> **Exercise aim**
All the lines below should be set down exactly, with no picture carried into the copy.
(The data)
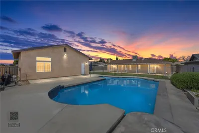 Beautifully updated 3 bed, 2.5 bath home offering comfort, versatility, and energy efficiency. Features include a remodeled kitchen with custom cabinetry, upgraded flooring, and updated bathrooms throughout. Spacious layout with abundant natural light and inviting living areas. Step outside to a covered patio overlooking a large backyard with a sparkling pool perfect for entertaining. The detached workshop includes an office and storage that is air conditioned, a half bath, ideal for hobbies or business use. Additional highlights include owned solar, security screens on front windows and entry, and ample parking. A rare property combining function, upgrades, and lifestyle.
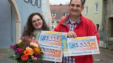 Wir besuchen außerdem unseren Postleitzahl-Gewinner Thomas in Harburg. Der 39-jährige nimmt mit zwei Losen teil und gewinnt so stattliche 10.000 Euro – gemeinsam mit seiner Frau jubelt er.
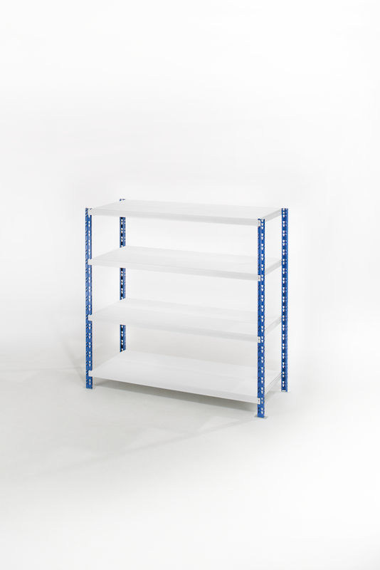 Lagerhylla Juhani, D 600 mm, med hyllplan av stålplåt, grundsektion, HxB 1508 x 1550 mm. Skruvar och pluggar för fotplattorna ingår ej.
(End The data)
> **Task result**
 Beautifully updated 3 bed, 2.5 bath home offering comfort, versatility, and energy efficiency. Features include a remodeled kitchen with custom cabinetry, upgraded flooring, and updated bathrooms throughout. Spacious layout with abundant natural light and inviting living areas. Step outside to a covered patio overlooking a large backyard with a sparkling pool perfect for entertaining. The detached workshop includes an office and storage that is air conditioned, a half bath, ideal for hobbies or business use. Additional highlights include owned solar, security screens on front windows and entry, and ample parking. A rare property combining function, upgrades, and lifestyle.
 Wir besuchen außerdem unseren Postleitzahl-Gewinner Thomas in Harburg. Der 39-jährige nimmt mit zwei Losen teil und gewinnt so stattliche 10.000 Euro – gemeinsam mit seiner Frau jubelt er.
 Lagerhylla Juhani, D 600 mm, med hyllplan av stålplåt, grundsektion, HxB 1508 x 1550 mm. Skruvar och pluggar för fotplattorna ingår ej.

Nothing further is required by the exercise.